How Leafy Greens Boost Activity of Vital Immune Cells To Prevent Disease

March 6, 2013 | By | 3 Replies More

Karen Foster, Prevent Disease
Waking Times

Leafy greens are likely the number one food you can eat to regularly help improve your health. They’re filled with fiber along with crucial vitamins, minerals, and plant-based phytochemicals that may help protect you from almost every disease known. Immune cells play an essential role in protecting intestinal health and could be boosted by consuming leafy greens, say researchers.

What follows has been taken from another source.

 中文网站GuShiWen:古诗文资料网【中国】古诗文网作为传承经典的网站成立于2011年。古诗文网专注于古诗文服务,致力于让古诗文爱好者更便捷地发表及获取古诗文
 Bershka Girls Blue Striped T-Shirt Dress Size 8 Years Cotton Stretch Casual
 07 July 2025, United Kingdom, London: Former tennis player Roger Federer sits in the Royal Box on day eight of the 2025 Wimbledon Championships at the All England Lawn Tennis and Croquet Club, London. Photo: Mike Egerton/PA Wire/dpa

Phytochemicals may be as important as any single nutrient in supplemental form. Phytochemicals are some of the most biologically active substances found on Earth. They give fruits, vegetables, legumes, and grains their rich colors, flavors, and aromas. But phytochemicals also detoxify the body by neutralizing free radicals, inhibiting enzymes that activate carcinogens, and most of all boosting immunity.

The new study in the Nature Immunology found that dietary factors, and in particular consumption of cruciferous leafy greens, control the activity of vital immune cells through the activation of a particular gene known as T-bet.

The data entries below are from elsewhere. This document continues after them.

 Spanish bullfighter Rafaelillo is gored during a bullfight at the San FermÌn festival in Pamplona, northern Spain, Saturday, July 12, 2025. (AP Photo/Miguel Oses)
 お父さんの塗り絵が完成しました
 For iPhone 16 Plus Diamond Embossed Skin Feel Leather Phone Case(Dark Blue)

These immune cells, known as innate lymphoid cells (ILCs), play a vital role in protecting the body from infection by ‘bad’ pathogenic bacteria in our gut – and have also been suggested to play an important role in controlling food allergies, inflammatory diseases, obesity, and even bowel cancers, say the researchers writing Nature Immunology.

“In this study, we discovered that T-bet is the key gene that instructs precursor cells to develop into ILCs, which it does in response to signals in the food we eat and to bacteria in the gut,” Dr Gabrielle Belz from the Walter and Eliza Hall Institute, Australia.

“ILCs are essential for immune surveillance of the digestive system and this is the first time that we have identified a gene responsible for the production of ILCs.”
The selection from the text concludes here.